The Road Ahead: Future Prospects for Magento Performance Enhancement

The DISTINCT operator issue underscores the importance of query optimization in improving Magento's performance. However, as we move forward, it's clear that the journey towards performance enhancement is far from over.

Several prospective solutions could be explored further, such as adding an index on the search_query table, specifically on the store_id and num_results columns. While initial testing suggests this could resolve the issue, the impact on write loads demands further evaluation.

Eliminating the tracking of search terms entirely is another avenue that has been suggested, although this may have broader implications for user experience and site functionality that would need to be carefully considered.

It's exciting to anticipate the release of future Magento versions, which will undoubtedly continue to address and enhance performance issues. As developers and users alike unlock Magento's full potential, the DISTINCT operator saga serves as a reminder of the power of query optimization and the importance of continuous innovation in the ever-evolving world of e-commerce.

In conclusion, the exploration of Magento's performance issue underscores the intricate interplay between database design, query optimization, and operational efficiency in e-commerce platforms.

  • The unnecessary use of the DISTINCT operator, combined with the 'num_results > 0' condition and the size of the 'search_query' table, were found to be the main culprits behind the problem.

  • The proposed solution of removing the DISTINCT operator showed promising results, remarkably reducing the query execution time and thereby enhancing the overall Magento experience.

  • However, the journey doesn't end here.
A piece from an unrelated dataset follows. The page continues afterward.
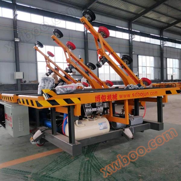 玻璃下片机功能与特点:具有操作移动灵活,设备可遥控360度旋转、行走可自由移动,上片可自动找正玻璃的任意左右上下角度,行走轮自动着地装置成功的解决了地面不平设备跑偏的问题;玻璃下片机内置大功率空压机,真空泵,不需要再附加气路;吸真空系统冂真空开关自动控制,当玻璃未吸牢时自动检测停止工作并报警未吸住玻璃,具有PLC电脑控制,使控制系统比较的稳定不出错,整机配备手动与自动两套程序,并具有一键上片(注:当真空检测吸牢后,浮动臂自动向上升高玻璃80mm使玻璃之间分离40mm,避开了把整包玻璃带起来的危险),中途任意角度急停机后解除急停后可继续原来的动作。使玻璃下片机比较的人性化、自动化动作,解决了很多的人工成本和危险因素。

Future prospects for Magento performance enhancement include adding an index on the 'search_query' table, or possibly eliminating the tracking of search terms altogether.

It's intriguing to contemplate how the continued evolution of Magento will drive further advancements in e-commerce performance optimization, ultimately delivering a seamless and efficient online shopping experience. It is this relentless pursuit of improvement, as exemplified by the DISTINCT operator saga, which will propel Magento and similar platforms into the future of e-commerce.